On his second day in the US and the first of his residency at the Corning Museum of Glass in Corning, New York—part of his prize for winning the second season of Blown Away, Netflix’s glass art reality TV competition—the Hertford, England-based artist Elliot Walker was hard at work making glass vertebrae. The more than two dozen glass bones would eventually be fused into an impossibly looped spinal cord and affixed to a glass sacrum and coccyx. For the artist, whose winning installation on Blown Away resembled a fanciful workshop disaster, the residency was an opportunity to create a new series about labour and how it has reshaped human bodies and societies.
“I wanted to focus on the idea of work and labour—human labour, wage labour—and the psychological and physical effects that has on us as a species,” Walker says. This was made simpler thanks to the mid-April residency at the Corning Museum’s state-of-the-art hot shop and amphitheatre, which freed him from some of the labour of running a glass-blowing studio. “As a studio owner, that is a huge portion of your mental capacity. You’re married to this thing, this burning object that is keeping your business running but is also sucking all of the energy out of it—it’s great not to have to deal with that for a while.”

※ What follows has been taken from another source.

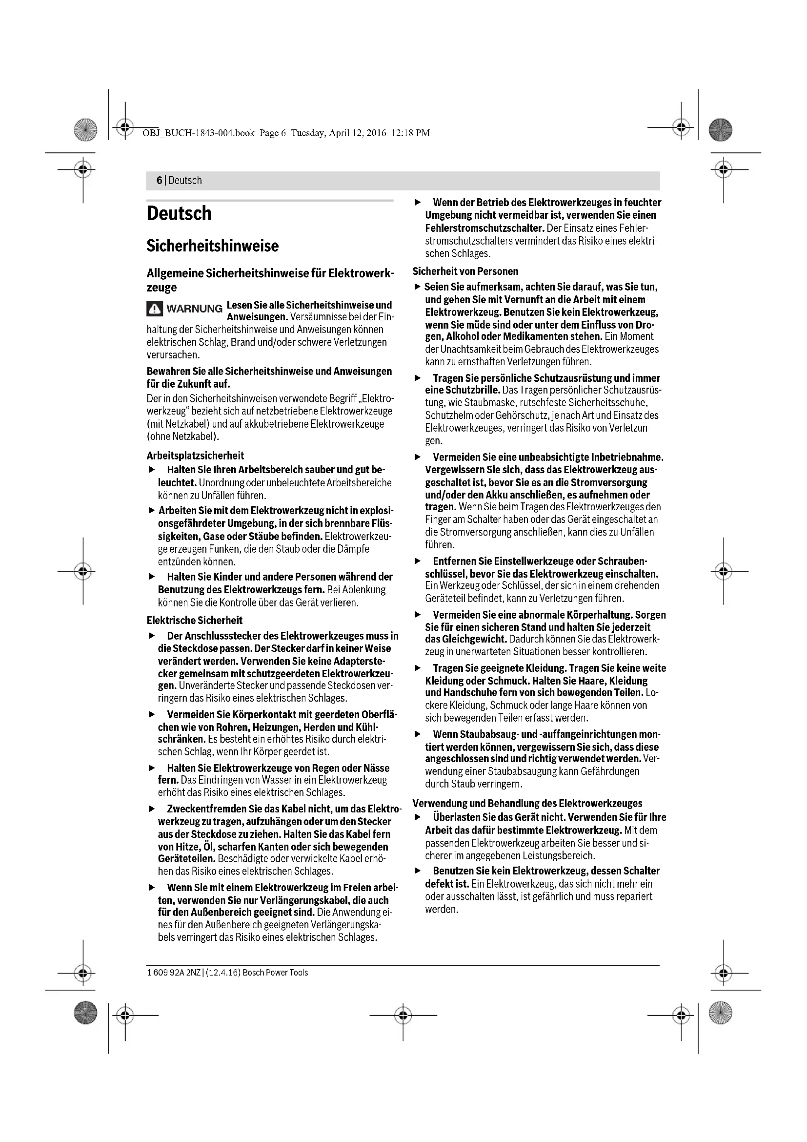 OBJ_BUCH-1843-004.book Page 5 Tuesday, April 12, 2016 12:18 PM6 | Deutsch 1 609 92A 2NZ | (12.4.16) Bosch Power Tools Deutsch Sicherheitshinweise Allgemeine Sicherheitshinweise für Elektrowerk- zeuge Lesen Sie alle Sicherheitshinweise und Anweisungen. Versäumnisse bei der Ein- haltung der Sicherheitshinweise und Anweisungen können elektrischen Schlag, Brand und/oder schwere Verletzungen verursachen. Bewahren Sie alle Sicherheitshinweise und Anweisungen für die Zukunft auf. Der in den Sicherheitshinweisen verwendete Begriff „Elektro- werkzeug“ bezieht sich auf netzbetriebene Elektrowerkzeuge (mit Netzkabel) und auf akkubetriebene Elektrowerkzeuge (ohne Netzkabel). Arbeitsplatzsicherheit Halten Sie Ihren Arbeitsbereich sauber und gut be- leuchtet. Unordnung oder unbeleuchtete Arbeitsbereiche können zu Unfällen führen. Arbeiten Sie mit dem Elektrowerkzeug nicht in explosi- onsgefährdeter Umgebung, in der sich brennbare Flüs- sigkeiten, Gase oder Stäube befinden. Elektrowerkzeu- ge erzeugen Funken, die den Staub oder die Dämpfe entzünden können. Halten Sie Kinder und andere Personen während der Benutzung des Elektrowerkzeugs fern. Bei Ablenkung können Sie die Kontrolle über das Gerät verlieren. Elektrische Sicherheit Der Anschlussstecker des Elektrowerkzeuges muss in die Steckdose passen. Der Stecker darf in keiner Weise verändert werden. Verwenden Sie keine Adapterste- cker gemeinsam mit schutzgeerdeten Elektrowerkzeu- gen. Unveränderte Stecker und passende Steckdosen ver- ringern das Risiko eines elektrischen Schlages. Vermeiden Sie Körperkontakt mit geerdeten Oberflä- chen wie von Rohren, Heizungen, Herden und Kühl- schränken. Es besteht ein erhöhtes Risiko durch elektri- schen Schlag, wenn Ihr Körper geerdet ist. Halten Sie Elektrowerkzeuge von Regen oder Nässe fern. Das Eindringen von Wasser in ein Elektrowerkzeug erhöht das Risiko eines elektrischen Schlages. Zweckentfremden Sie das Kabel nicht, um das Elektro- werkzeug zu tragen, aufzuhängen oder um den Stecker aus der Steckdose zu ziehen. Halten Sie das Kabel fern von Hitze, Öl, scharfen Kanten oder sich bewegenden Geräteteilen. Beschädigte oder verwickelte Kabel erhö- hen das Risiko eines elektrischen Schlages. Wenn Sie mit einem Elektrowerkzeug im Freien arbei- ten, verwenden Sie nur Verlängerungskabel, die auch für den Außenbereich geeignet sind. Die Anwendung ei- nes für den Außenbereich geeigneten Verlängerungska- bels verringert das Risiko eines elektrischen Schlages. Wenn der Betrieb des Elektrowerkzeuges in feuchter Umgebung nicht vermeidbar ist, verwenden Sie einen Fehlerstromschutzschalter. Der Einsatz eines Fehler- stromschutzschalters vermindert das Risiko eines elektri- schen Schlages. Sicherheit von Personen Seien Sie aufmerksam, achten Sie darauf, was Sie tun, und gehen Sie mit Vernunft an die Arbeit mit einem Elektrowerkzeug. Benutzen Sie kein Elektrowerkzeug, wenn Sie müde sind oder unter dem Einfluss von Dro- gen, Alkohol oder Medikamenten stehen. Ein Moment der Unachtsamkeit beim Gebrauch des Elektrowerkzeuges kann zu ernsthaften Verletzungen führen. Tragen Sie persönliche Schutzausrüstung und immer eine Schutzbrille. Das Tragen persönlicher Schutzausrüs- tung, wie Staubmaske, rutschfeste Sicherheitsschuhe, Schutzhelm oder Gehörschutz, je nach Art und Einsatz des Elektrowerkzeuges, verringert das Risiko von Verletzun- gen. Vermeiden Sie eine unbeabsichtigte Inbetriebnahme. Vergewissern Sie sich, dass das Elektrowerkzeug aus- geschaltet ist, bevor Sie es an die Stromversorgung und/oder den Akku anschließen, es aufnehmen oder tragen. Wenn Sie beim Tragen des Elektrowerkzeuges den Finger am Schalter haben oder das Gerät eingeschaltet an die Stromversorgung anschließen, kann dies zu Unfällen führen. Entfernen Sie Einstellwerkzeuge oder Schrauben- schlüssel, bevor Sie das Elektrowerkzeug einschalten. Ein Werkzeug oder Schlüssel, der sich in einem drehenden Geräteteil befindet, kann zu Verletzungen führen. Vermeiden Sie eine abnormale Körperhaltung. Sorgen Sie für einen sicheren Stand und halten Sie jederzeit das Gleichgewicht. Dadurch können Sie das Elektrowerk- zeug in unerwarteten Situationen besser kontrollieren. Tragen Sie geeignete Kleidung. Tragen Sie keine weite Kleidung oder Schmuck. Halten Sie Haare, Kleidung und Handschuhe fern von sich bewegenden Teilen. Lo- ckere Kleidung, Schmuck oder lange Haare können von sich bewegenden Teilen erfasst werden. Wenn Staubabsaug- und -auffangeinrichtungen mon- tiert werden können, vergewissern Sie sich, dass diese angeschlossen sind und richtig verwendet werden. Ver- wendung einer Staubabsaugung kann Gefährdungen durch Staub verringern. Verwendung und Behandlung des Elektrowerkzeuges Überlasten Sie das Gerät nicht. Verwenden Sie für Ihre Arbeit das dafür bestimmte Elektrowerkzeug. Mit dem passenden Elektrowerkzeug arbeiten Sie besser und si- cherer im angegebenen Leistungsbereich. Benutzen Sie kein Elektrowerkzeug, dessen Schalter defekt ist. Ein Elektrowerkzeug, das sich nicht mehr ein- oder ausschalten lässt, ist gefährlich und muss repariert werden. WARNUNG OBJ_BUCH-1843-004.book Page 6 Tuesday, April 12, 2016 12:18 PMDeutsch | 7 Bosch Power Tools 1 609 92A 2NZ | (12.4.16) Ziehen Sie den Stecker aus der Steckdose und/oder entfernen Sie den Akku, bevor Sie Geräteeinstellungen vornehmen, Zubehörteile wechseln oder das Gerät weglegen. Diese Vorsichtsmaßnahme verhindert den un- beabsichtigten Start des Elektrowerkzeuges. Bewahren Sie unbenutzte Elektrowerkzeuge außer- halb der Reichweite von Kindern auf. Lassen Sie Perso- nen das Gerät nicht benutzen, die mit diesem nicht ver- traut sind oder diese Anweisungen nicht gelesen haben. Elektrowerkzeuge sind gefährlich, wenn sie von unerfahrenen Personen benutzt werden. Pflegen Sie Elektrowerkzeuge mit Sorgfalt. Kontrollie- ren Sie, ob bewegliche Teile einwandfrei funktionieren und nicht klemmen, ob Teile gebrochen oder so be- schädigt sind, dass die Fun

After the stint at the Corning in upstate New York, Walker and his collaborator and fellow glass artist Bethany Wood embarked on a veritable glass tour of the US, including a residency at the Pittsburgh Glass Center (another Blown Away prize) and attending the annual Glass Art Society conference in Tacoma, Washington (18-21 May). Along the way they also caught up with the artists Deborah Czeresko and Alexander Rosenberg, the winner and third place finisher of Blown Away’s first season. Like them, since being on the show Walker has witnessed a surge of interest in his work and in glass art in general.
Now people see [glass] as a medium for sculpture, for expression, as well as the other things it doesElliot Walker, artist
“Having that global exposure in a familiar format has done unbelievable good for the perception of the material,” Walker says. “Now people see it as a medium for sculpture, for expression, as well as all the other things it does.”
This broadened perception was evident in the Corning’s spacious but often-packed studio amphitheatre, where visitors gathered to watch Walker realising his pieces with Wood and the hot shop staff. Whenever the resident commentator asked visitors how many of them had watched Blown Away, hands invariably shot up across the stands—some spectators cheered at the mere mention of the programme.
Despite all the visibility from reality TV and elsewhere—the United Nations has declared 2022 the International Year of Glass—Walker says glass still carries a stigma in the art world. “When applying to some fine art galleries, it’s like, ‘Oh no, we don’t show glass’. No matter what it is, you just aren’t showing glass as a material, just because it’s glass,” he says. “But the more artists are working with it as a material for sculpture, the sooner that will change.”